Exercise directions:
Transcribe every entry below word for word, but skip the pictures.

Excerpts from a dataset
BEGIN
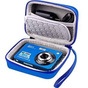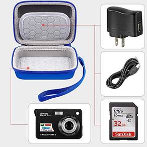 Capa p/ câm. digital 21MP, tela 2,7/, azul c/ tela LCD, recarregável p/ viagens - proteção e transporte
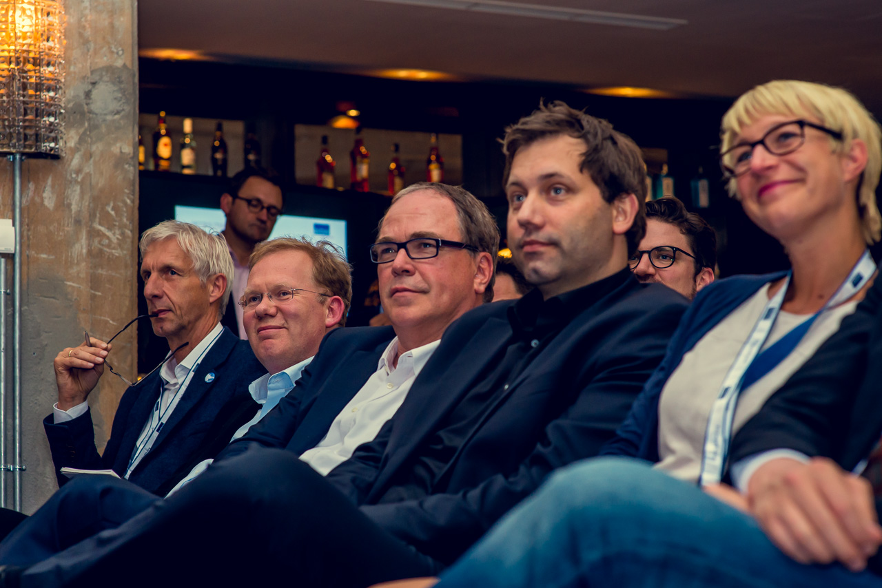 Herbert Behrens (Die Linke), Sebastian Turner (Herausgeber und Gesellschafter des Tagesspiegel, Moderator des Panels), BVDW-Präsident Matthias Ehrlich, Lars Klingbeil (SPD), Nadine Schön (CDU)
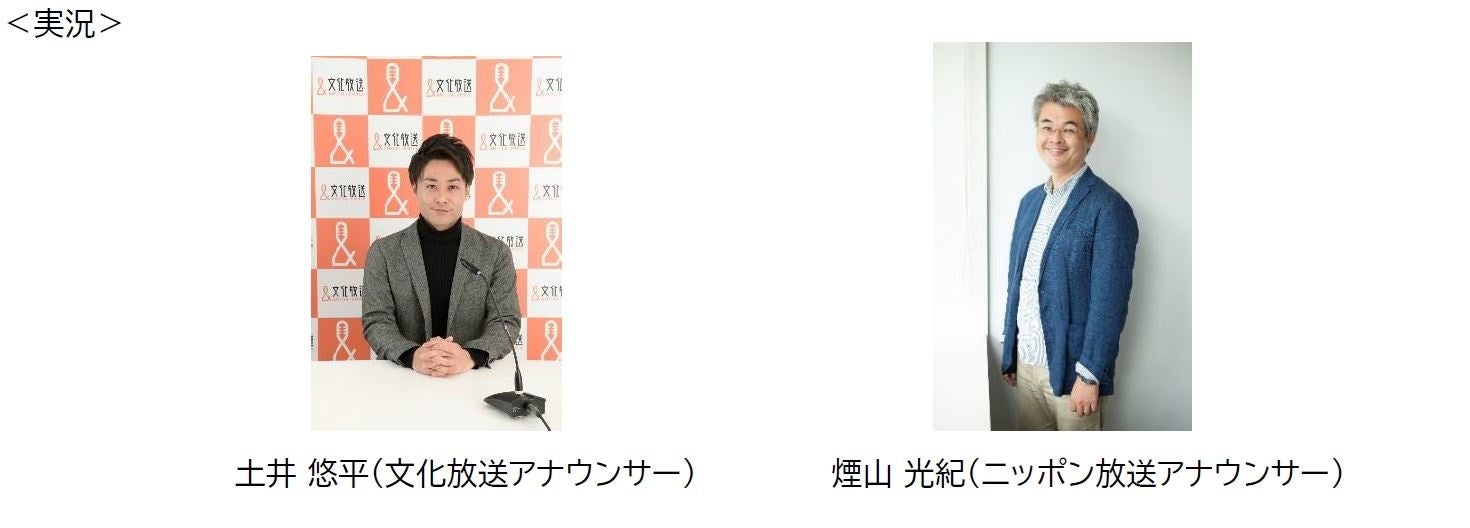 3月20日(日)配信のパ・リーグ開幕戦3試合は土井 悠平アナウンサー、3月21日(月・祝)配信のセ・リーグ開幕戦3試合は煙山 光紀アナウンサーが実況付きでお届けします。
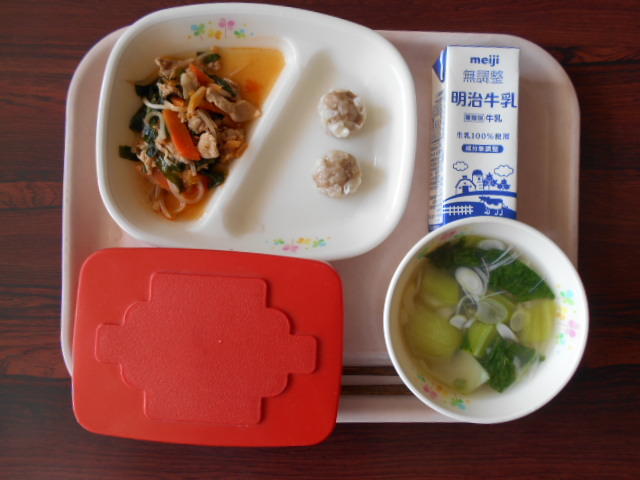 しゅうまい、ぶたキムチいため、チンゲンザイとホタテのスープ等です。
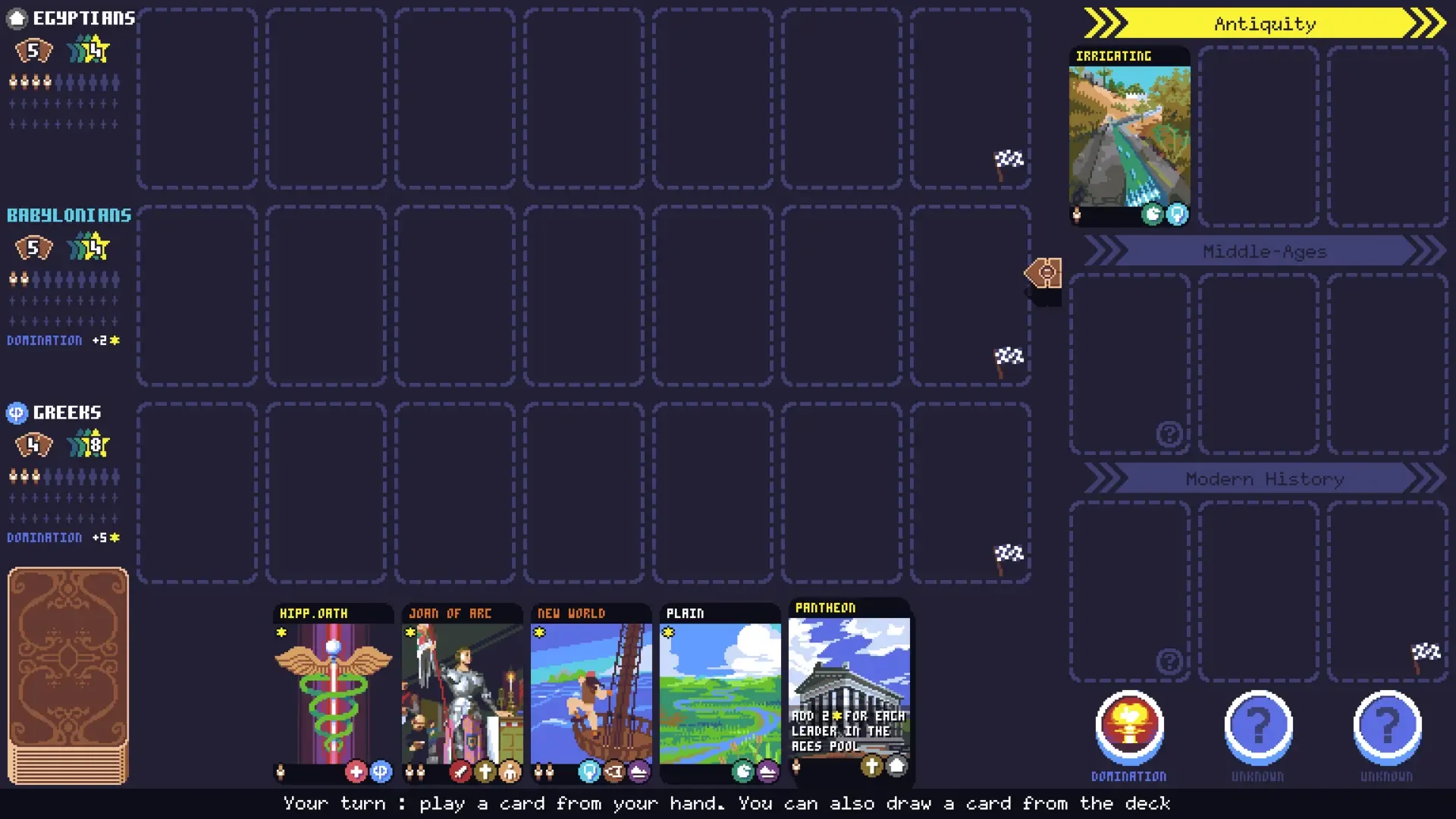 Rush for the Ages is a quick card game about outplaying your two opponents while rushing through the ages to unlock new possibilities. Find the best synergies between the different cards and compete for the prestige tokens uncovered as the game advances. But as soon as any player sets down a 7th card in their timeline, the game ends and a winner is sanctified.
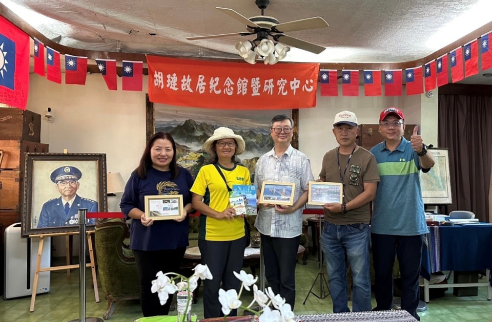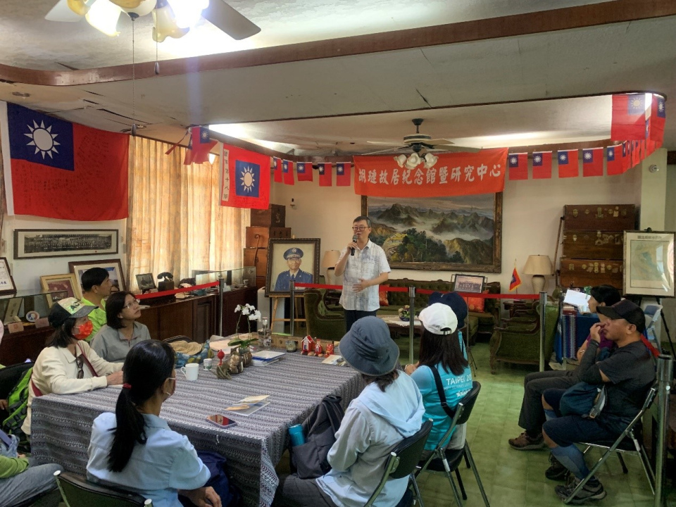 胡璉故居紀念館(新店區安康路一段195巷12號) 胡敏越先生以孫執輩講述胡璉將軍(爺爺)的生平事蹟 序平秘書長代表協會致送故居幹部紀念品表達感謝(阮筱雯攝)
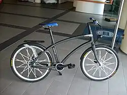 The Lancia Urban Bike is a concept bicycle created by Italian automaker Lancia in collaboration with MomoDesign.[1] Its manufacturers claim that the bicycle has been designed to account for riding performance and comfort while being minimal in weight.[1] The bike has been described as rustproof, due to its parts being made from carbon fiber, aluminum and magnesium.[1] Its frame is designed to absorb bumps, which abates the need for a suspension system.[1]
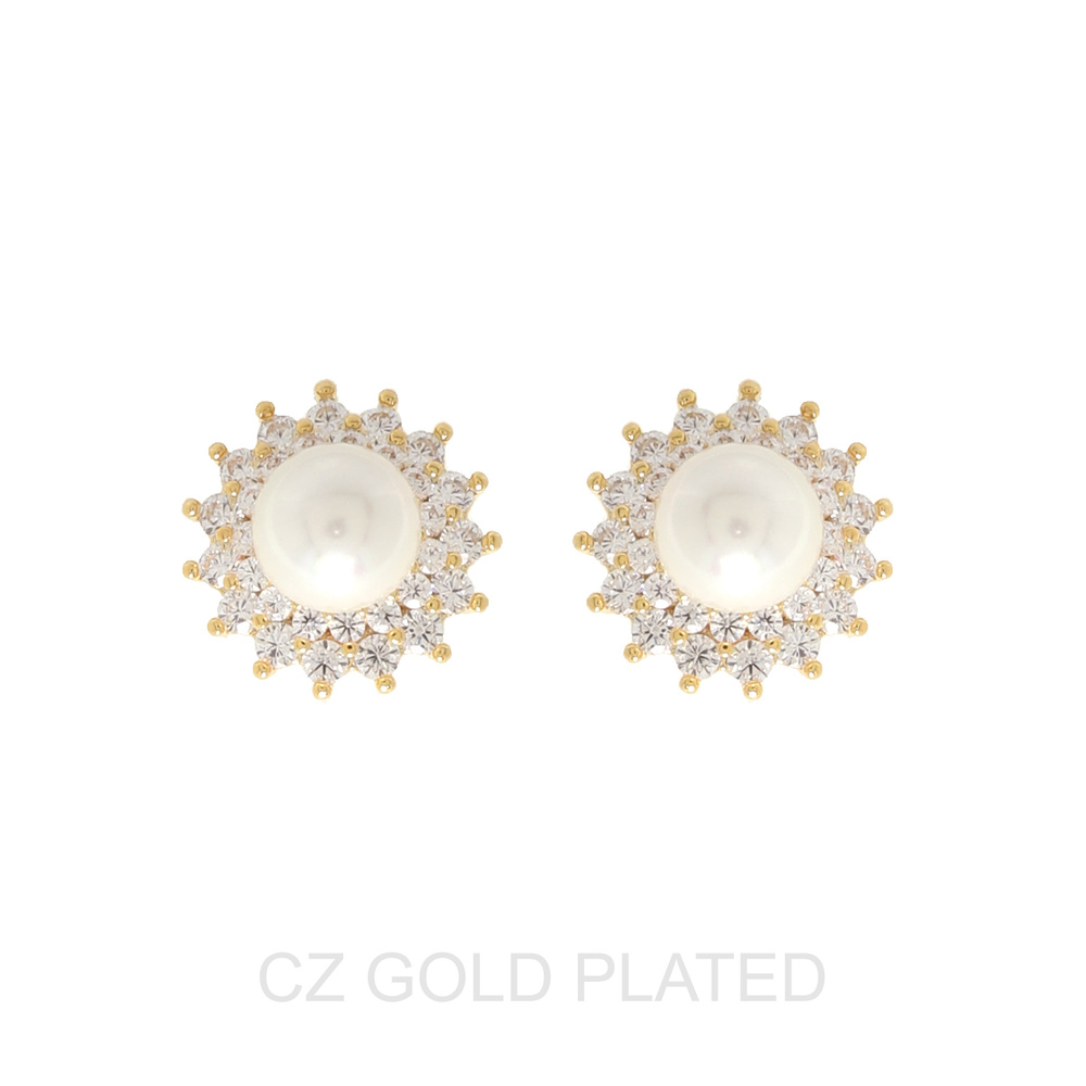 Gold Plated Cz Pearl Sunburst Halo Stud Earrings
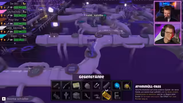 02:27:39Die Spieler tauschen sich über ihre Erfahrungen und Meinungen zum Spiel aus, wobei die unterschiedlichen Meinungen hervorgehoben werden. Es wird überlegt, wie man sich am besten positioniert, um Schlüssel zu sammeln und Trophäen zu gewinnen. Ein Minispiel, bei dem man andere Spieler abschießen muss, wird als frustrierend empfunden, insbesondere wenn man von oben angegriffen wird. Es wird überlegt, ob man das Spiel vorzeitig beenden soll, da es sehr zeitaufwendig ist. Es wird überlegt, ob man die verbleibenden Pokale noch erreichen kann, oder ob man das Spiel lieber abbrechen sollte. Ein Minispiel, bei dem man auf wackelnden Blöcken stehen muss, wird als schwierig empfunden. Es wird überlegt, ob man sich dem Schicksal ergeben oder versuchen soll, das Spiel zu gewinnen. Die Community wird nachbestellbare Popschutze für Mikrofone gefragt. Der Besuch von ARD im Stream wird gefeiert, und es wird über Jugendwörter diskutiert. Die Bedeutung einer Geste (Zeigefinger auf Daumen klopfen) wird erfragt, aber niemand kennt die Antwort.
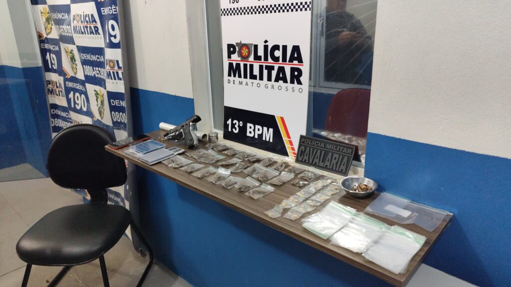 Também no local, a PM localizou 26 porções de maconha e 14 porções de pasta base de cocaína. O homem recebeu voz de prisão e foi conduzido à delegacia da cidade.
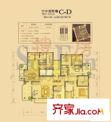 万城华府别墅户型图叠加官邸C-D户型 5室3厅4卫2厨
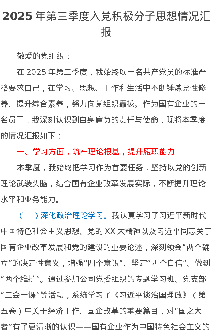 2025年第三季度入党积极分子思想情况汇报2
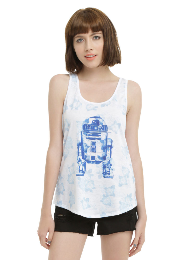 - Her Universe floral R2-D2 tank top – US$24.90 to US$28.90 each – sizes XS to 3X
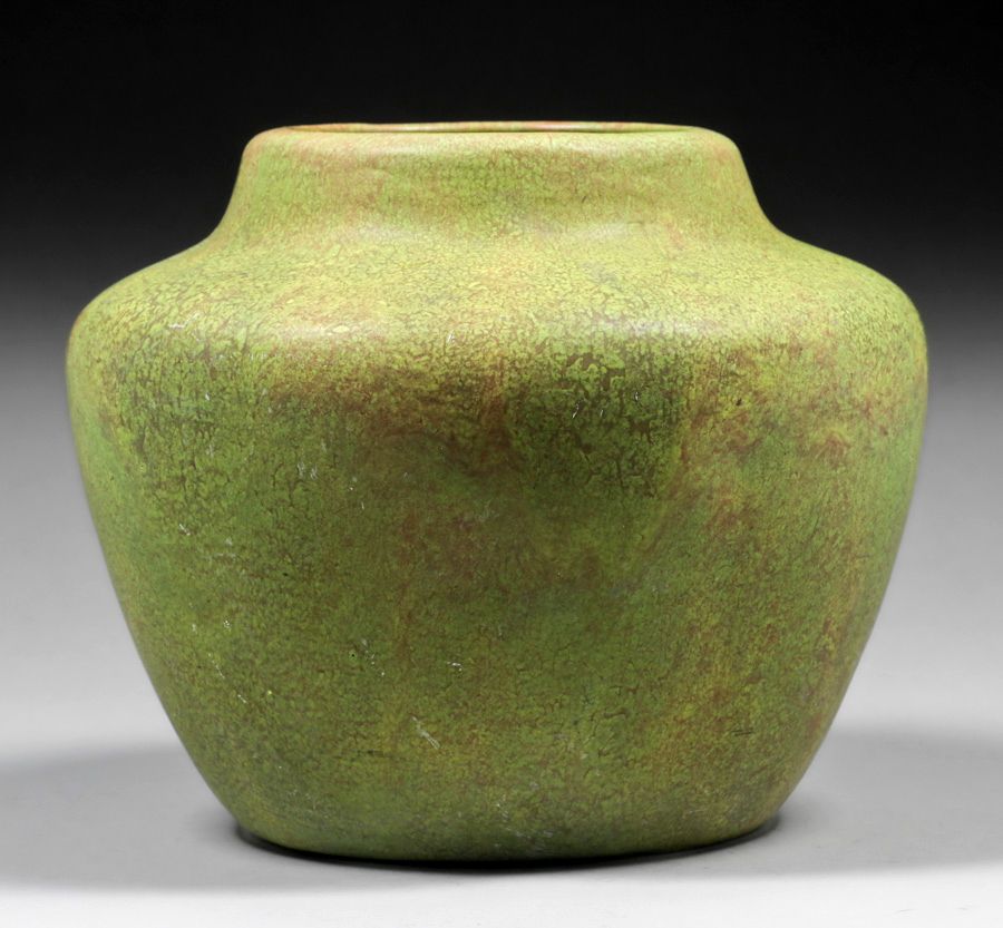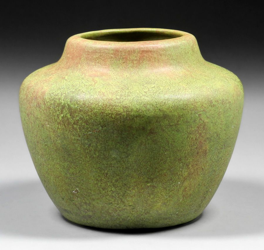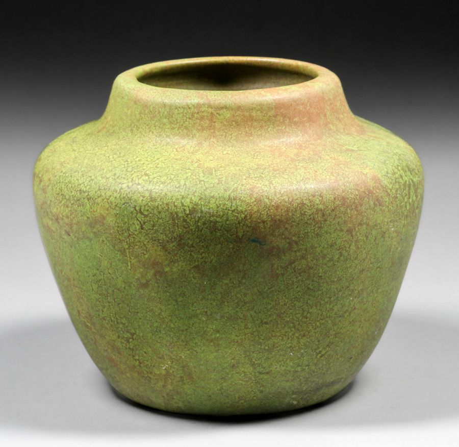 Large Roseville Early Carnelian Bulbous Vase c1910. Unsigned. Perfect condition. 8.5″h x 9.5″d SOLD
END
Completed task:
 Capa p/ câm. digital 21MP, tela 2,7/, azul c/ tela LCD, recarregável p/ viagens - proteção e transporte
 Herbert Behrens (Die Linke), Sebastian Turner (Herausgeber und Gesellschafter des Tagesspiegel, Moderator des Panels), BVDW-Präsident Matthias Ehrlich, Lars Klingbeil (SPD), Nadine Schön (CDU)
 3月20日(日)配信のパ・リーグ開幕戦3試合は土井 悠平アナウンサー、3月21日(月・祝)配信のセ・リーグ開幕戦3試合は煙山 光紀アナウンサーが実況付きでお届けします。
 しゅうまい、ぶたキムチいため、チンゲンザイとホタテのスープ等です。
 Rush for the Ages is a quick card game about outplaying your two opponents while rushing through the ages to unlock new possibilities. Find the best synergies between the different cards and compete for the prestige tokens uncovered as the game advances. But as soon as any player sets down a 7th card in their timeline, the game ends and a winner is sanctified.
 胡璉故居紀念館(新店區安康路一段195巷12號) 胡敏越先生以孫執輩講述胡璉將軍(爺爺)的生平事蹟 序平秘書長代表協會致送故居幹部紀念品表達感謝(阮筱雯攝)
 The Lancia Urban Bike is a concept bicycle created by Italian automaker Lancia in collaboration with MomoDesign.[1] Its manufacturers claim that the bicycle has been designed to account for riding performance and comfort while being minimal in weight.[1] The bike has been described as rustproof, due to its parts being made from carbon fiber, aluminum and magnesium.[1] Its frame is designed to absorb bumps, which abates the need for a suspension system.[1]
 Gold Plated Cz Pearl Sunburst Halo Stud Earrings
 02:27:39Die Spieler tauschen sich über ihre Erfahrungen und Meinungen zum Spiel aus, wobei die unterschiedlichen Meinungen hervorgehoben werden. Es wird überlegt, wie man sich am besten positioniert, um Schlüssel zu sammeln und Trophäen zu gewinnen. Ein Minispiel, bei dem man andere Spieler abschießen muss, wird als frustrierend empfunden, insbesondere wenn man von oben angegriffen wird. Es wird überlegt, ob man das Spiel vorzeitig beenden soll, da es sehr zeitaufwendig ist. Es wird überlegt, ob man die verbleibenden Pokale noch erreichen kann, oder ob man das Spiel lieber abbrechen sollte. Ein Minispiel, bei dem man auf wackelnden Blöcken stehen muss, wird als schwierig empfunden. Es wird überlegt, ob man sich dem Schicksal ergeben oder versuchen soll, das Spiel zu gewinnen. Die Community wird nachbestellbare Popschutze für Mikrofone gefragt. Der Besuch von ARD im Stream wird gefeiert, und es wird über Jugendwörter diskutiert. Die Bedeutung einer Geste (Zeigefinger auf Daumen klopfen) wird erfragt, aber niemand kennt die Antwort.
 Também no local, a PM localizou 26 porções de maconha e 14 porções de pasta base de cocaína. O homem recebeu voz de prisão e foi conduzido à delegacia da cidade.
 万城华府别墅户型图叠加官邸C-D户型 5室3厅4卫2厨
 2025年第三季度入党积极分子思想情况汇报2
 - Her Universe floral R2-D2 tank top – US$24.90 to US$28.90 each – sizes XS to 3X
 Large Roseville Early Carnelian Bulbous Vase c1910. Unsigned. Perfect condition. 8.5″h x 9.5″d SOLD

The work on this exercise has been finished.